_RECORDS FOR THIS EXERCISE_:
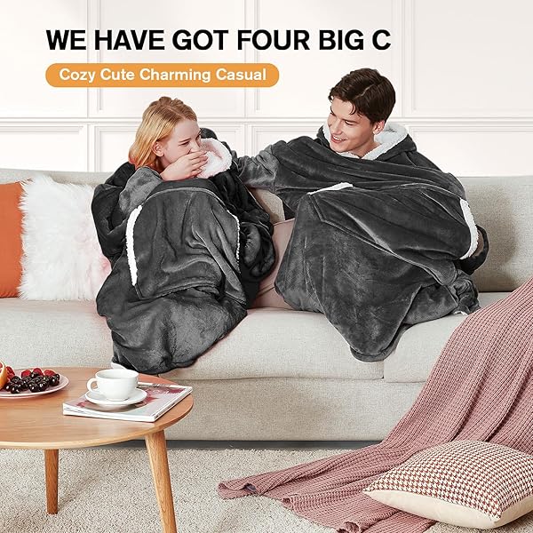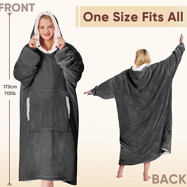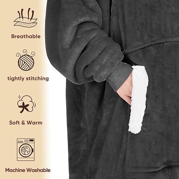 * yescool Wearable Blanket Hoodie - Birthday Christmas Gifts for Women Mom Girlfriend, Oversized Flannel Sherpa Cozy Hooded Blanket Sweatshirt Adult With Hood Pocket & Sleeves, One Size Fits All (Grey): decent christmas gift ideas receiving christmas or birthday gifts is fun * While finding gift ideas for mom * Women * Wife * Girlfriends
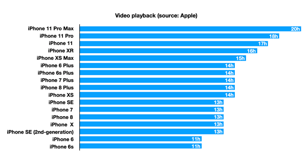 iPhone 12 Pro Max:20小時,與iPhone 11 Pro Max一致。
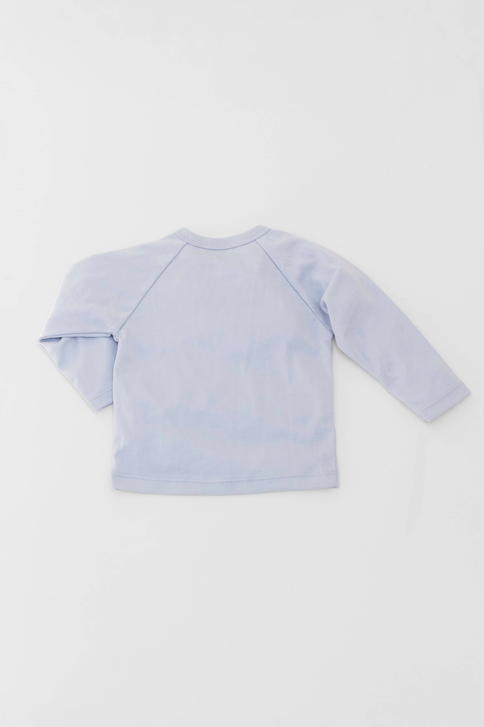 Crew neck top with buttons at raglan sleeve for easy over-the-head. Elephant print at front
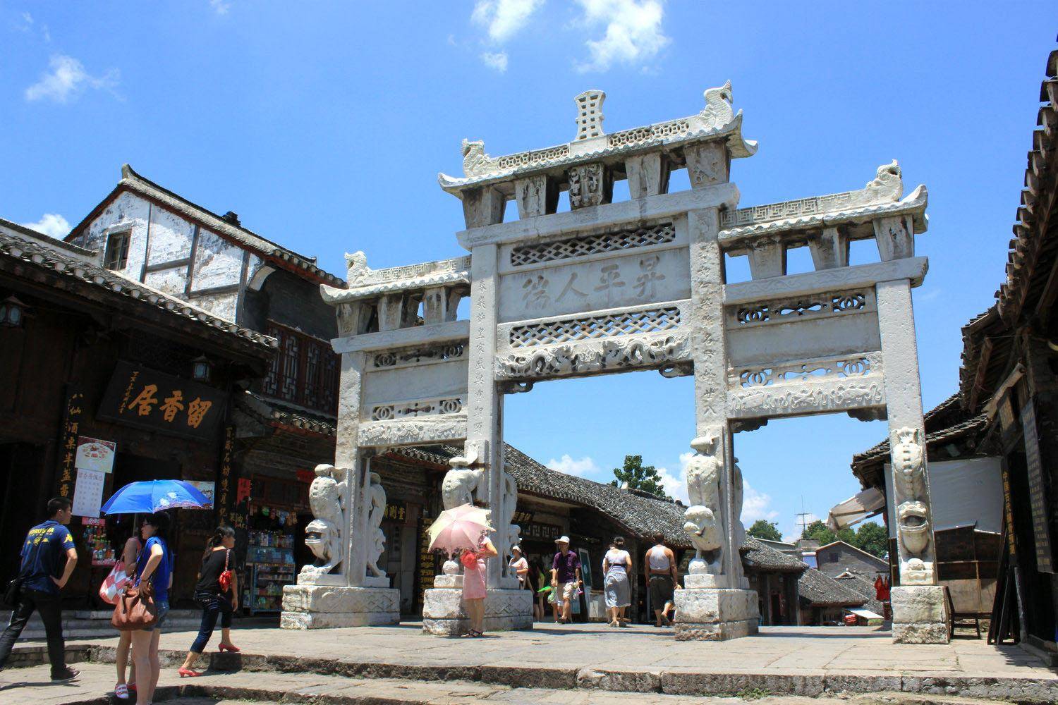伫立在定广门,依稀可见古城墙遗址残迹,使人联想到当年古镇作为军事要塞重兵屯集驻守的雄姿。望着城墙外起伏连绵、绿油油的稻田,脑子里浮现出姜文主演的电影《寻枪》中的画面。电影里叫卖牛肉粉的摊子就摆在这定广门城墙下,边陲小镇警察马山就是顺着这古镇里的4条正街、26条街巷开始着他的寻枪之路的……
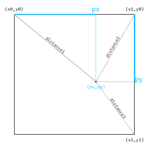 通过三角形三边关系公式,可以计算出上图中px和py的长度,也就是当前点在当前正方形网格中的坐标。
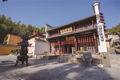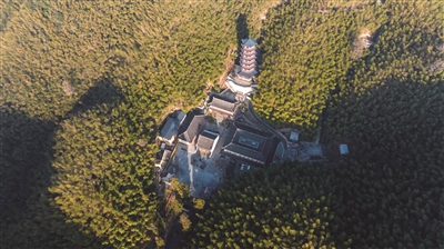 如今的釜托寺,存古扩新,在大雄宝殿的周围,又修建了菩提竹苑居士楼、禅意书画院、四季禅修堂、孝恩塔、新四军休养所旧址纪念馆等许多创新建筑。穿过朴素的天王殿,里面可谓是别有洞天。入眼小桥流水,颇有一种江南园林的感觉。漫步在绿意盎然的釜托寺木栈小道,向上便是孝恩塔。沿着蜿蜒的山径石阶而上,沉醉在自然的景色之中,一时竟也忘记了山路漫长。
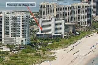 STELLAR VIEWS -Top Floor - IN VILLAS ON THE OCEAN! 1/1 updated unit. Unobstructed ocean views overlooking the widespread open gardens to the beach and ocean. Nothing but views from your screened it spacious balcony and master bedroom. Elevator, assigned parking, guest spaces. Private Beach access and community pool. Gated bldg. Unit is very convenient to the beach access.
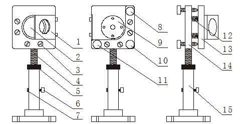 1.光靶放置架 2.反射鏡 3.拉簧鎖緊螺絲 4.調節螺桿 5.調節螺母 6.鎖緊螺絲a7.鎖緊螺絲b 8.調節螺絲M1 9.反射鏡鎖緊片 10.調節螺絲M 11.調節螺絲M2.12.拉簧 13.反射鏡安裝板 14.支撐板 15.底座.
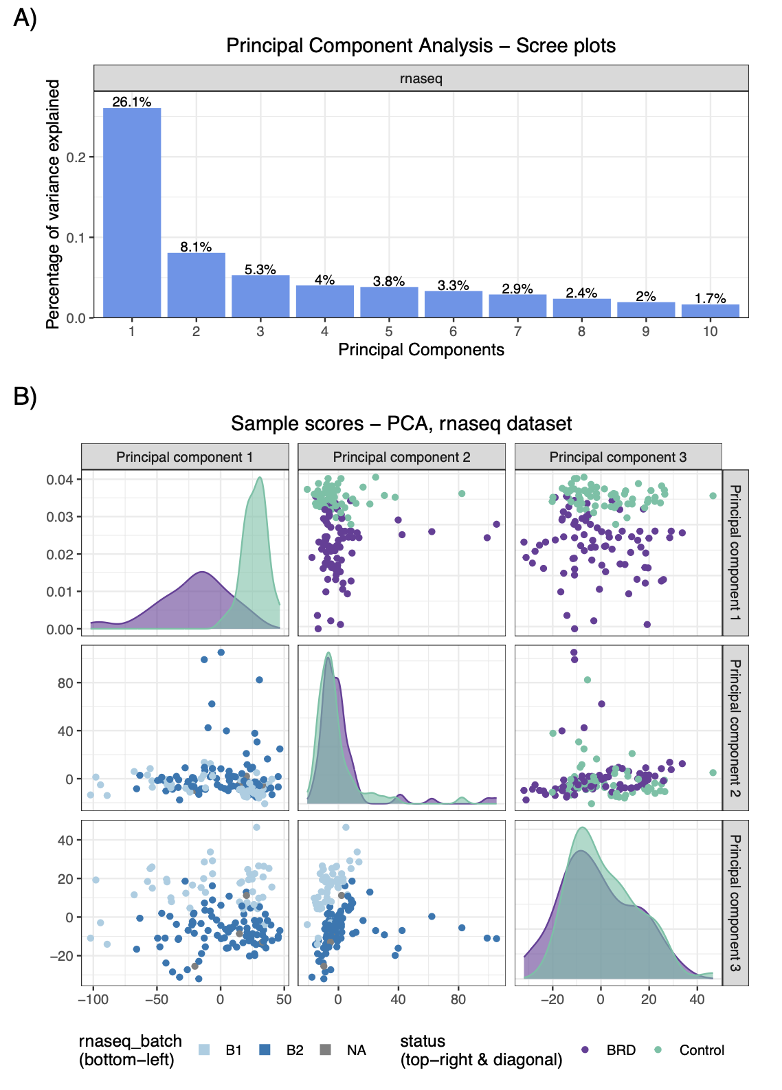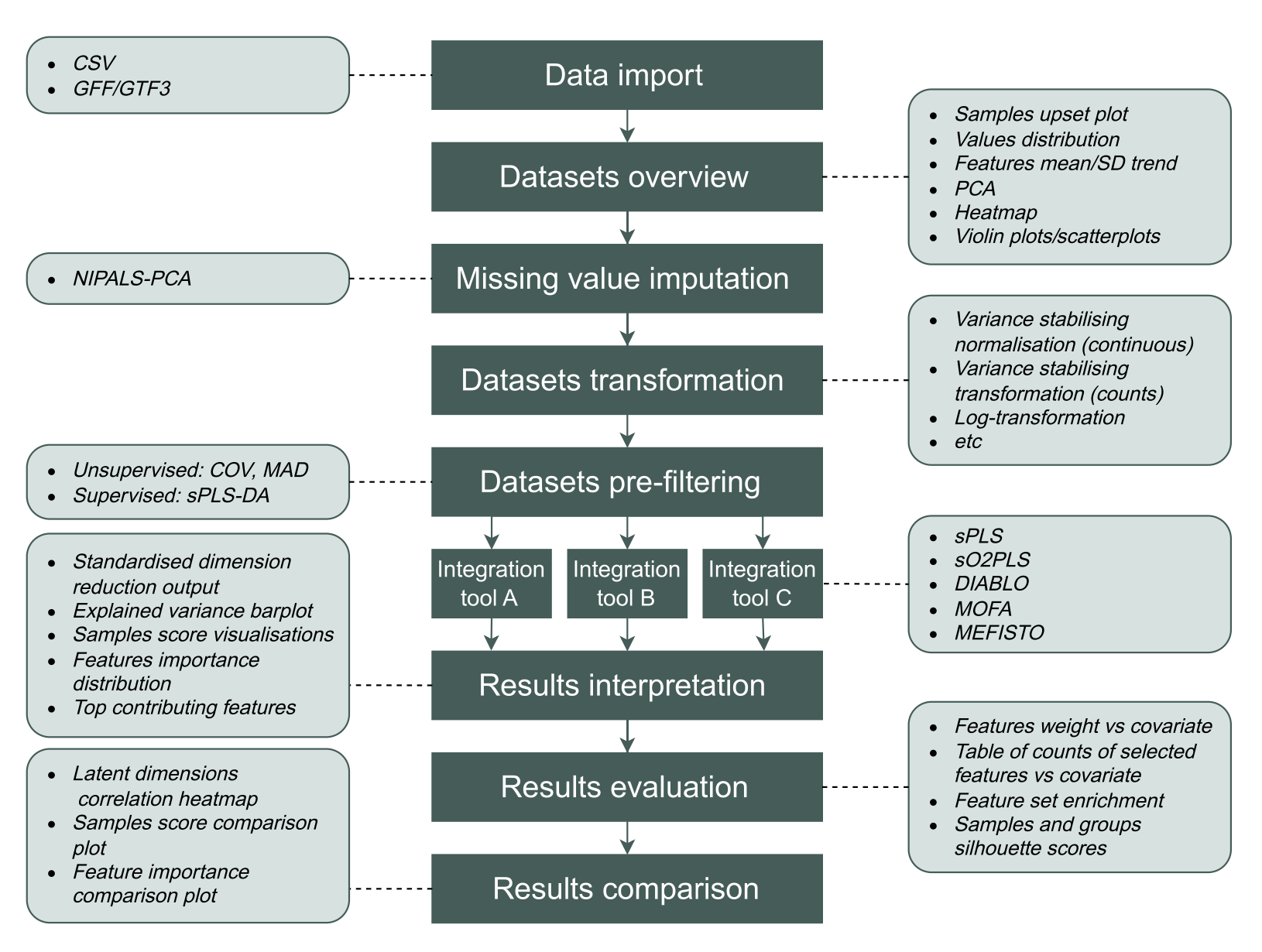该包提供了一系列可视化和诊断工具用于数据概览,例如评估缺失值比例、通过Upset图展示不同数据集间的样本重叠情况等。对于含有缺失值的数据集,可以使用非线性迭代偏最小二乘法主成分分析进行估算。此外,moiraine集成了多种数据转换方法,以满足不同类型数据的需求。在特征预过滤方面,支持基于中位数绝对偏差或变异系数的无监督方法,以及基于稀疏偏最小二乘判别分析的监督方法,以保留与特定样本结果最相关的特征。

_PROBLEM TO WORK ON_: Return the listing above unchanged, apart from dropping its pictures.

_RESULT FOR THIS EXERCISE_:
 * yescool Wearable Blanket Hoodie - Birthday Christmas Gifts for Women Mom Girlfriend, Oversized Flannel Sherpa Cozy Hooded Blanket Sweatshirt Adult With Hood Pocket & Sleeves, One Size Fits All (Grey): decent christmas gift ideas receiving christmas or birthday gifts is fun * While finding gift ideas for mom * Women * Wife * Girlfriends
 iPhone 12 Pro Max:20小時,與iPhone 11 Pro Max一致。
 Crew neck top with buttons at raglan sleeve for easy over-the-head. Elephant print at front
伫立在定广门,依稀可见古城墙遗址残迹,使人联想到当年古镇作为军事要塞重兵屯集驻守的雄姿。望着城墙外起伏连绵、绿油油的稻田,脑子里浮现出姜文主演的电影《寻枪》中的画面。电影里叫卖牛肉粉的摊子就摆在这定广门城墙下,边陲小镇警察马山就是顺着这古镇里的4条正街、26条街巷开始着他的寻枪之路的……
 通过三角形三边关系公式,可以计算出上图中px和py的长度,也就是当前点在当前正方形网格中的坐标。
 如今的釜托寺,存古扩新,在大雄宝殿的周围,又修建了菩提竹苑居士楼、禅意书画院、四季禅修堂、孝恩塔、新四军休养所旧址纪念馆等许多创新建筑。穿过朴素的天王殿,里面可谓是别有洞天。入眼小桥流水,颇有一种江南园林的感觉。漫步在绿意盎然的釜托寺木栈小道,向上便是孝恩塔。沿着蜿蜒的山径石阶而上,沉醉在自然的景色之中,一时竟也忘记了山路漫长。
 STELLAR VIEWS -Top Floor - IN VILLAS ON THE OCEAN! 1/1 updated unit. Unobstructed ocean views overlooking the widespread open gardens to the beach and ocean. Nothing but views from your screened it spacious balcony and master bedroom. Elevator, assigned parking, guest spaces. Private Beach access and community pool. Gated bldg. Unit is very convenient to the beach access.
 1.光靶放置架 2.反射鏡 3.拉簧鎖緊螺絲 4.調節螺桿 5.調節螺母 6.鎖緊螺絲a7.鎖緊螺絲b 8.調節螺絲M1 9.反射鏡鎖緊片 10.調節螺絲M 11.調節螺絲M2.12.拉簧 13.反射鏡安裝板 14.支撐板 15.底座.
该包提供了一系列可视化和诊断工具用于数据概览,例如评估缺失值比例、通过Upset图展示不同数据集间的样本重叠情况等。对于含有缺失值的数据集,可以使用非线性迭代偏最小二乘法主成分分析进行估算。此外,moiraine集成了多种数据转换方法,以满足不同类型数据的需求。在特征预过滤方面,支持基于中位数绝对偏差或变异系数的无监督方法,以及基于稀疏偏最小二乘判别分析的监督方法,以保留与特定样本结果最相关的特征。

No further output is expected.